The Responsibilities/Role of Fathers
Although some families exist without a father figure, this does not eliminate the fact that fathers are important in child-rearing. From inception to the time a child reaches adulthood, a father should be there to help his child in every aspect of their lives. Fathers are needed to help establish and continue relationships
with their children. Fathers help educate, guide, nurture, protect, pray for, and support their children as they move from one growth stage to another.
Quote from one father “I would spend valuable time for her to have fun and recreation so as to fulfill the overall role and help her become a positive individual.”
Although not every child may be affected by having an absentee father, many studies show that children who grow up without a father may lack self-esteem, become delinquent and even seek attention and love from male figures who are not their father. On the other hand, children who have an active father figure in their lives seem to progress better in every area of their lives, including the area of personal relationships and academics.
The Challenges Father’s Face in Fulfilling Their Roles
We are all aware of the imperfect world in which we live. It is therefore, a reality that fathers who are genuinely in to taking care of their children may face certain challenges. One of the biggest challenges fathers face is being criticized by us mothers. As women, we often overlook the times when our children’s fathers do something great for them. Some men complain that nothing they do for their children seems to be appreciated.

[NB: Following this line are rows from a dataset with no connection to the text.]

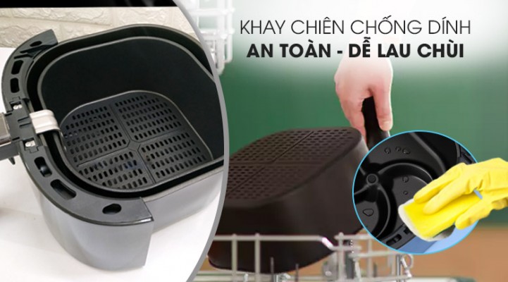 Tích hợp khay chiên, rổ chiên dễ dàng tháo rời, không lo dầu mỡ văng ra ngoài trong quá trình chế biến, dễ vệ sinh, có thể làm sạch bằng máy rửa chén đơn giản
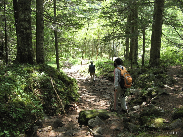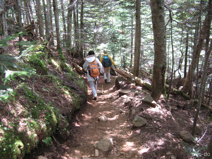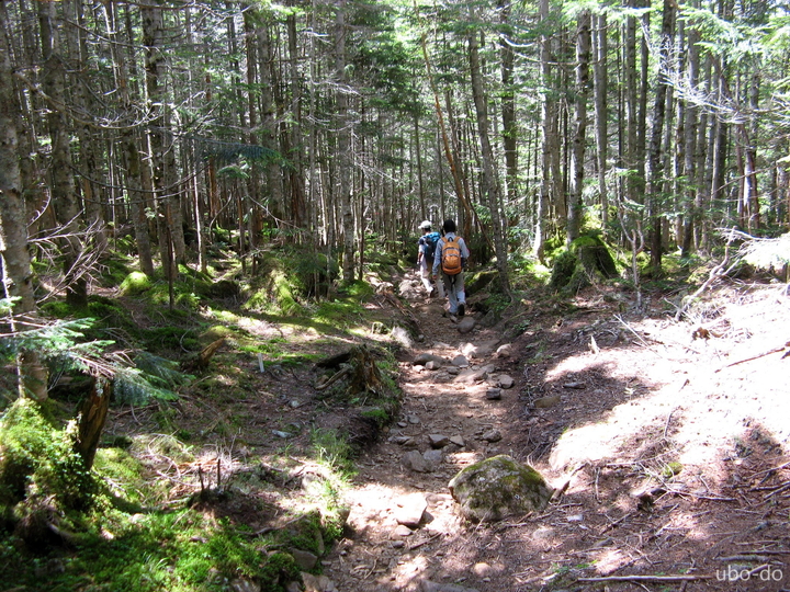 時間が押してきたので、ジグザクに続くシラビソの樹林帯をどんどん下った。
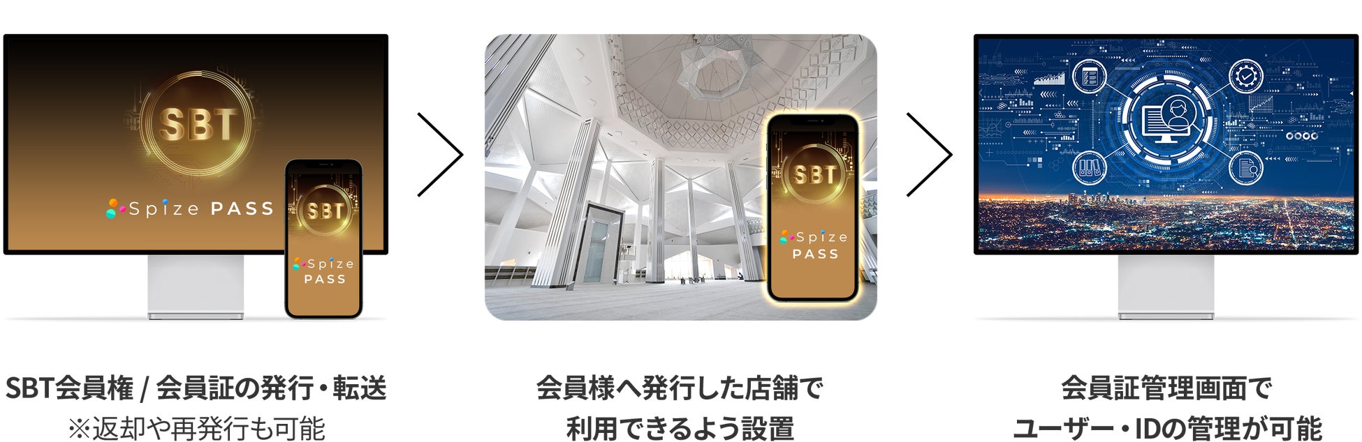 ゴルフ場やホテルなどの施設利用や飲食店の会員証、学校の学歴・学位の証明書、土地や商品の所有権など、様々なシチュエーションで譲渡不可の「Spize PASS」を利用することで、社会的な証明を行えるようになります。また、このSBT会員権/会員証を持つ人だけが受けられる特別なサービスや特典の提供も可能となります。

Recently, I interviewed some fathers and it came as no surprise that some of these fathers who are active in their children’s lives face many challenges. Some of the challenges include living apart from their children, having relationship and communication problems with the mothers of their children, working overseas, and not working for the kind of money they need to help their children financially.
Men are natural providers and being responsible fathers you naturally want to ensure that you can be there for your children financially and otherwise. Some of you may not work for a large income so may not be able to provide as you should to your children; however, this should not stop you from doing the best you can. While some mothers are only interested in the financial support, it is imperative that you spend quality time with your children. It is interesting to note that women like myself love when our children’s fathers take time to build positive relationships with your children.
Quote from one father when asked what is the most important thing to him as a father “being able to support my young financially so they would not need to beg.”
News Flash! Fathers you should not let being broke stop you from spending time with your children. While I am not downplaying the value of money, I want you to know that some mothers like me think quality time is just as, or even more important for children. Please do not let the state of your finances keep you away from your children.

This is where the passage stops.